Harry Stella

Profile
- Position: Tackle

Personal information
- Born: December 24, 1916 Iowa, U.S.
- Died: February 8, 1997 (aged 80) Tacoma, Washington, U.S.

Career information
- College: United States Military Academy

Career history
- 1937–1939: Army

Awards and highlights
- First-team All-American (1939); First-team All-Eastern (1939); Second-team All-Eastern (1938);

= Harry Stella =

American football player and United States Army officer

Harry Ami Stella (December 24, 1916 – February 8, 1997) was an American football player and United States Army officer.

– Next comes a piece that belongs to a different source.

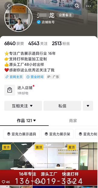 本次合作的短视频客户是一家专注于亚克力定制产品的生产厂家,他们主要生产亚克力展架、易拉宝、广告展示架等产品。

Stella was born in Iowa and grew up in Kankakee, Illinois. He attended the Missouri School of Mines before enrolling at the United States Military Academy in 1936. Stella played at the tackle position for the Army Cadets football team. He was captain of Army's 1939 football team and was selected by the United Press, Newsweek magazine, and International News Service (INS) as a first-team player on the 1939 College Football All-America Team. He also played for the Army baseball team and was the Eastern intercollegiate heavy weight boxing champion.

After graduating from the Military Academy, Stella served in the United States Army until 1970, including service in the Pacific Theater during World War II and in the Korean War. He was awarded a Silver Star for gallantry in action and the Legion of Merit for his work as a planner at the Joint Amphibious School. In 1955, he was promoted to the rank of colonel.